Friday, July 24, 2015

MINDFULLY IS A VERB



There are so much wonder and wonderful insights in Allen Bramhall's latest over at Mandala Web (a project that's developing so beautifully): "Proust and James, Mindfully."

One of my first reactions was that it's what can emanate from deep reading, and that's joyful to behold.

In fact, I found in there the key to unlocking how I might develop the needed last story for The Dictator's Aftermath -- thank you, mindful Allen!

Anyway, do your day and yourself a favor and GO READ THIS.  Mindfulness--a ravishing, albeit at times ravished, thing ...





Wednesday, July 22, 2015

THE DICTATOR'S AFTERMATH (WORKING NOTES)

Prose and Poetry -- such different worlds. I've been working on essays and short stories lately -- such a different (for me, much slower) pace...  

The Dictator's Aftermath is a short story manuscript-in-progress. Did some editing tonight. 'Twas a collection of 14 stories. Eliminated four. Reorganized structure to include Afterword that would include a flawed story that I’d otherwise eliminate. Realized from new structure the need for one new short story. As recently as a year ago, I would have found this process painful. But, no, it’s just the territory…

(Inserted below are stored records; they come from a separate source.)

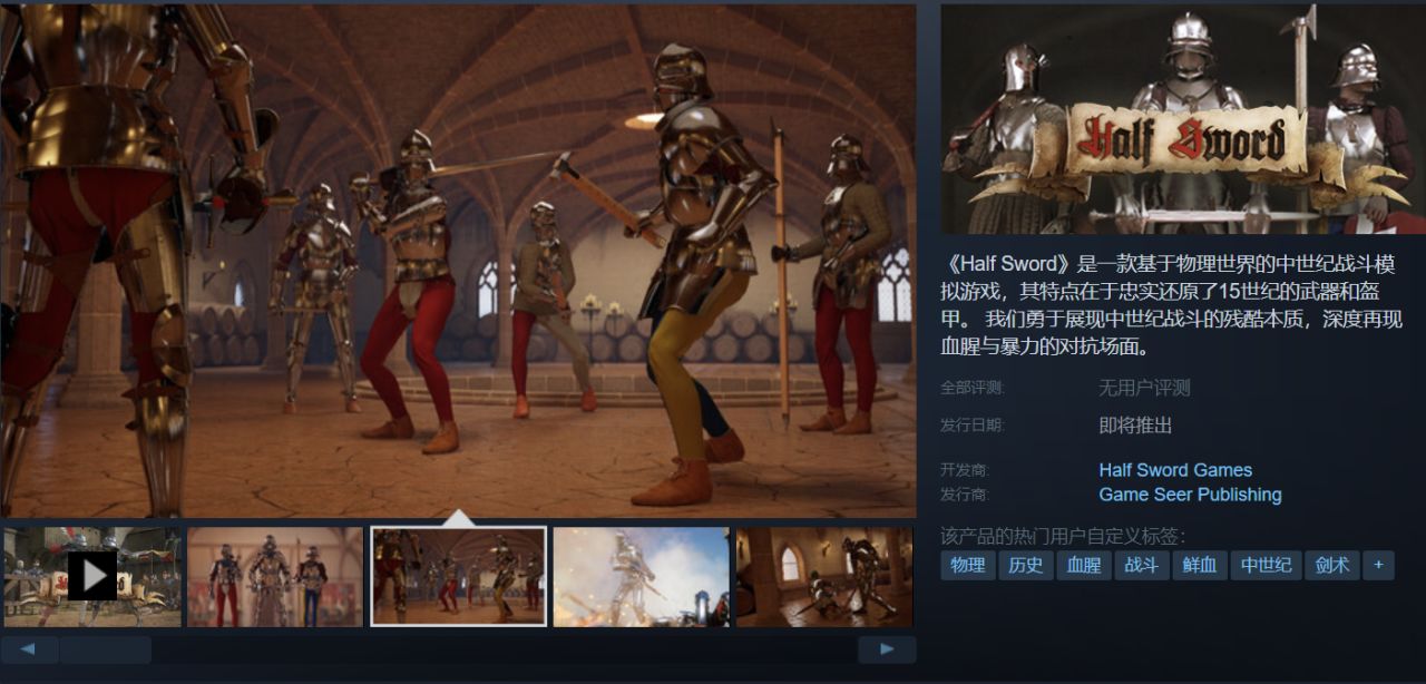 其實作爲一款基於物理的戰鬥模擬遊戲,《Half Sword》甚至在測試版本就已經展示出了自己在劍術戰鬥這個賽道上的巨大潛力,相似的遊戲《Exanima》雖然有着劇情驅動,但是在戰鬥上可能不及《Half Sword》更有沉浸感;而《蠢蠢角鬥士》雖然在多人模式上做的更好,但總感覺像是個派對遊戲,武器和盔甲也欠打磨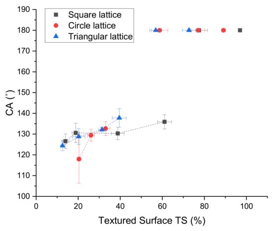 The rate of increase of the CA with the percentage of TS was different for the three textures. At a low TS, the square lattice showed the highest CA compared with the triangle and to the circle lattices. As the percentage of TS increased, the circle and triangle structures quickly reached the same hydrophobic properties of the square lattice and switched earlier to superhydrophobic behavior. The same results were observed for the 10 μL droplets as reported in Figure 9.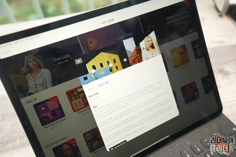 Dua Lipa (두아 리파)는 "Break My Heart", Lady Gaga(레이디가가)는 "Free Woman" 히트곡을 담았고 이 곡들의 탄생 비화와 Apple Retail Creative Pro가 단계별로 차근차근 전수하는 가라지밴드 리믹스 강의가 포함되어 있습니다.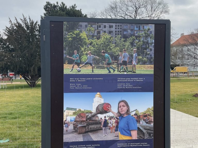 In the current survey, 11% of people agreed with the possibility of Ukrainian refugees’ permanent settlement in the Czech Republic, and 71% preferred their temporary admission followed by return to their country of origin. Photo: An outdoor photographic exhibition entitled “Kyiv Is an Unbroken Heart of Europe” on Moravske namesti in Brno this Spring. Credit: Vorlak Treng.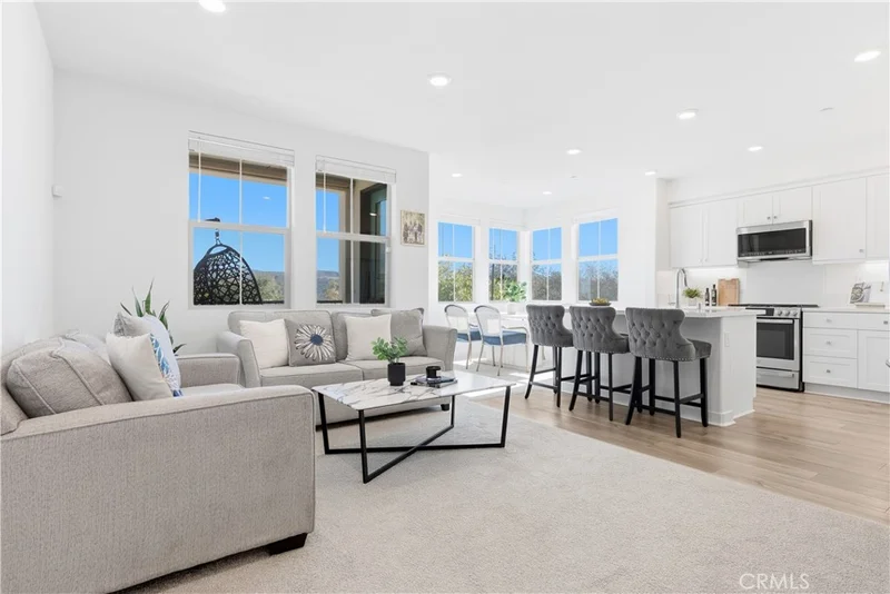 Welcome to 1500 Lasso Way #205, a beautifully upgraded corner home that radiates warmth, comfort, and effortless style in the award-winning community of Rancho Mission Viejo. Perched in one of Rancho Mission Viejo’s newest and most walkable neighborhoods, this 2-bedroom, 2-bath residence offers a bright, airy layout filled with natural light from multiple exposures and peaceful views of the surrounding hills. Step inside and you’ll immediately appreciate the inviting flow of the open-concept living space, enhanced by upgraded flooring and a soothing, light-and-bright palette that makes the home feel both modern and welcoming. The thoughtfully designed kitchen opens seamlessly to the dining area and living room, creating the perfect space for everyday living and relaxed entertaining. Just outside, the private balcony becomes your go-to spot for morning coffee, sunset breezes, or simply taking in the scenic hillside backdrop. Both bedrooms are generously sized, offering comfort and privacy, while paid solar adds energy efficiency and low-maintenance convenience. As a corner unit, this home enjoys added privacy, enhanced natural light, and an uplifting sense of openness throughout. Located just moments from RMV’s award-winning amenities, resort-style pools, fitness centers, parks, hiking trails, and vibrant community spaces, you’ll experience a lifestyle that feels both enriching and connected. Immerse yourself in the exceptional amenities of Rancho Mission Viejo, including the vibrant Ranch Camp, the state-of-the-art Ranch Cove community pool and gym, and countless recreational opportunities that define the unmatched lifestyle of this community. Exclusive to Rancho Mission Viejo residents are all amenities in the Villages of Sendero, Esencia, Rienda, and future Villages. There are community amenities for all from breath-taking resort-style pools and spas, Esencia school K-8, community farms, fitness centers, guest house, putting green, bocce ball courts, tennis and pickle ball courts, playgrounds, coffee shop, fire pits, an arcade and so much more!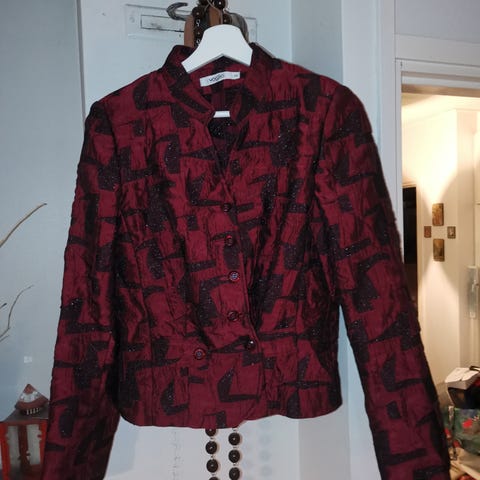Käyttämätön jakku, Suomalaista laatua ja suomalainen mitoitus. Satiinivuori lisää jämäkkyyttä ja käytön mukavuutta. Piilotaskut. Menee vuoden ympäri kaikkiin mahdollisiin juhliin ja tyylikkääseen arkipukeutumiseen toki myös. Liikun alueella Lahti-Heinola-Mikkeli-Savonlinna-Parikkala tai voin lähettää Toridiilillä tai ilman
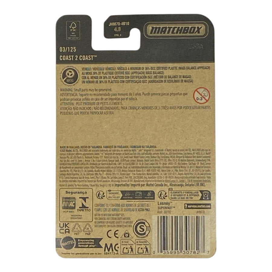 Discover the exciting Matchbox Coast 2 Coast from the 2026 Mainline Series (03/125) – a sleek, high-detail diecast speedboat perfect for collectors and young adventurers alike. This realistic coastal rescue vessel captures the thrill of ocean patrols with authentic "Coast 2 Coast" branding, making it a standout addition to any Matchbox collection in 1:64 scale.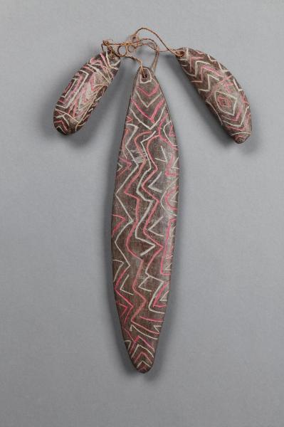 Tre pietre dalla forma ovale e allungata, legate insieme attraverso una corda sottile. La pietra centrale è più grande rispetto alle altre due. Tutte presentano incisioni in bianco e in rosso che formano motivi geometrici. Ogni pietra ha un vertice forato attraverso il quale passa la corda che le lega insieme.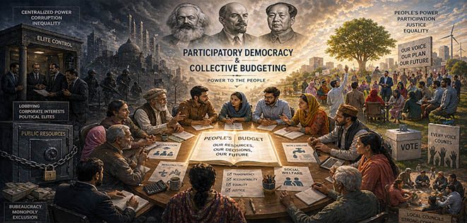 گڏيل جمهوريت ۽ گڏيل بجيٽ جون پاڙون انهيءَ ڪشادي تنقيدي روايت ۾ کتل آهن، جنهن کي ڪارل مارڪس سان منسوب ڪيو ويندو آهي. جيتوڻيڪ مارڪس گڏيل بجيٽ سازي جو ڪو باقاعده ماڊل پيش نه ڪيو، پر ان جي بورزوا سياست تي تنقيد اهو چٽو ڪري ٿي ته طاقت جا موجوده نظام ڪهڙي ريت محنت ڪش طبقي کي حقيقي فيصلي سازي کان خارج رکن ٿا. بي معنيٰ گڏيل جمهوريت لاءِ هڪ مضبوط ۽ موثر مقامي حڪومتي نظام ضروري آهي. ان تصور کي مختلف انداز ۾ Vladimir Lenin ۽ Mao Zedong به اڳتي وڌايو، جن هن سياسي تبديلي ۾ عوامي شرڪت ۽ مقامي تنظيم جي اهميت تي زور ڏنو. ڪنهن به معاشري ۾ تيز رفتار يا حقيقي تبديلي ان وقت تائين ممڪن ناهي، جيستائين اهو هڪ مضبوط طرز حڪمراني تي بيٺل نه هجي. ان بنياد کان بنا جمهوريت صرف هڪ خالي کل بڻجي ڪري رهجي وڃي ٿي. حقيقت ۾ جيڪڏهن مقامي سطح تي گڏيل ادارا موجود نه هجن ته جمهوريت سطحي ۽ غير موثر ٿي وڃي ٿي. مارڪس جي مطابق بورزوا سياسي نظام اڪثر محنت ڪش طبقي جي شرڪت کي مقامي، صوبائي ۽ قومي سطحن تي محدود ڪري ڇڏين ٿا. اهڙن نظامن ۾ اصل فيصلا سازي اميرن ۽ لابنگ گروپن جي هٿ ۾ هوندي آهي. جڏهن ته محنت ڪش طبقو هڪ تماشائي جي حيثيت اختيار ڪري وٺندو آهي. ان سان گڏوگڏ، وچولي طبقي جا ڪجھه حصا بحيثيت ثالث ڪم ڪندي اڪثر اميرن ۽ صنعتي مفادن سان گڏ هم آهنگ ٿي وڃن ٿا، جيئن ته يونائيٽيڊ اسٽيٽ ۽ ڀارت جهڙن ملڪن ۾ ڏسي سگهجي ٿو.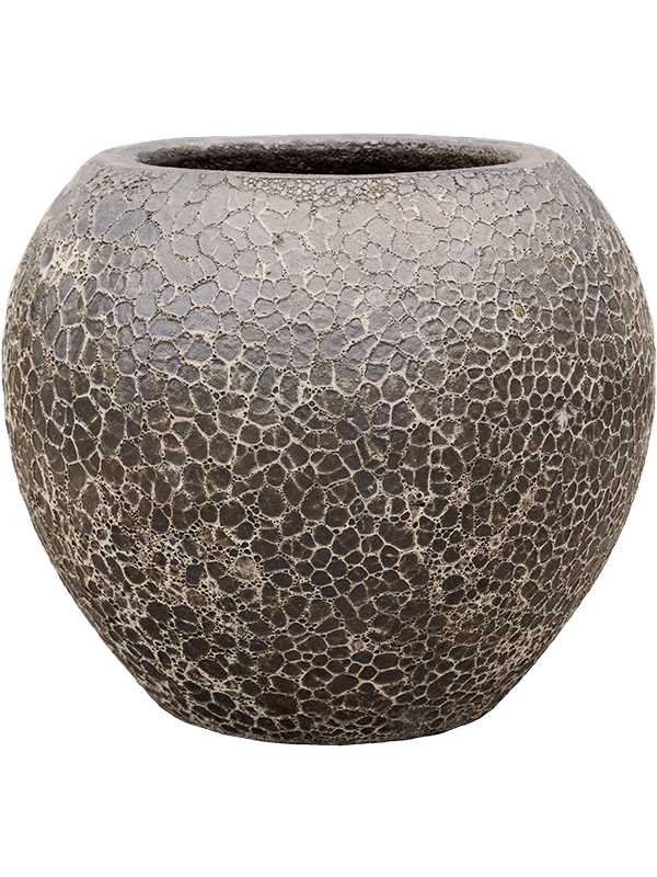 This pot is globe shaped and is for indoor use hence is competely watertight. It is also fitted with anti- scratch material at the bottom. Its brown black color makes it an easy complement for most spaces. It also comes in a firm flat surface that makes it possible for it t obe placed both on the ground and on raised surfaces.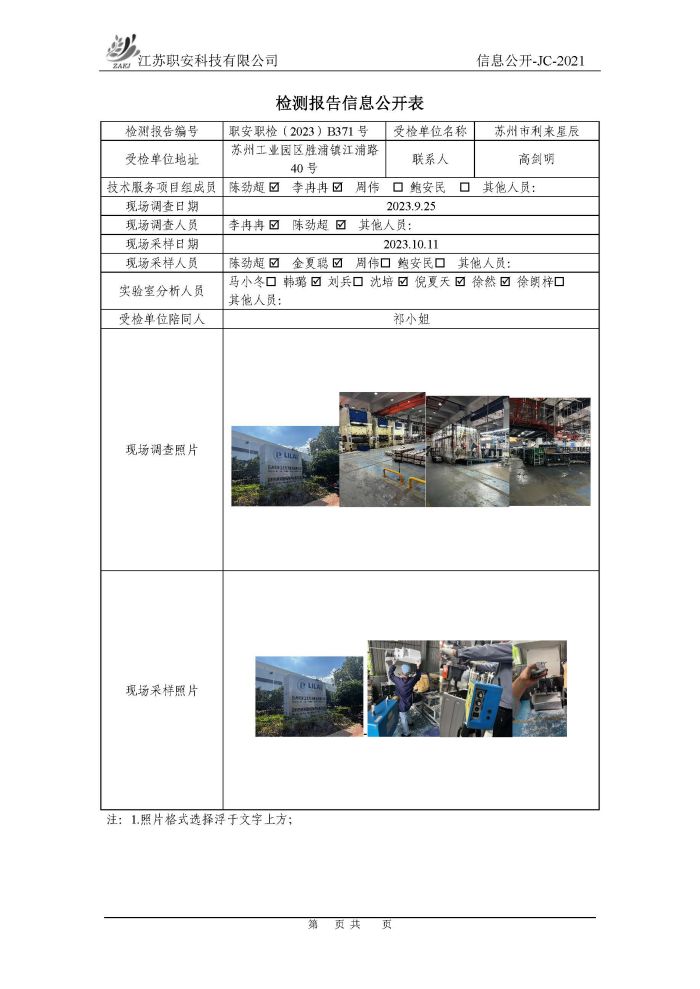 檢測報告公示

One story was written “after" Plato’s “The Symposium." My story was written last century and I insert the link so I can return to Plato's tale which I've forgotten. I'm curious now as to what it has to do with my story about a protagonist's mother forever drunk on tapey (Filipino rice wine) to alleviate the boredom of counting dust motes in a sleepy village where nothing much happens except tsismis...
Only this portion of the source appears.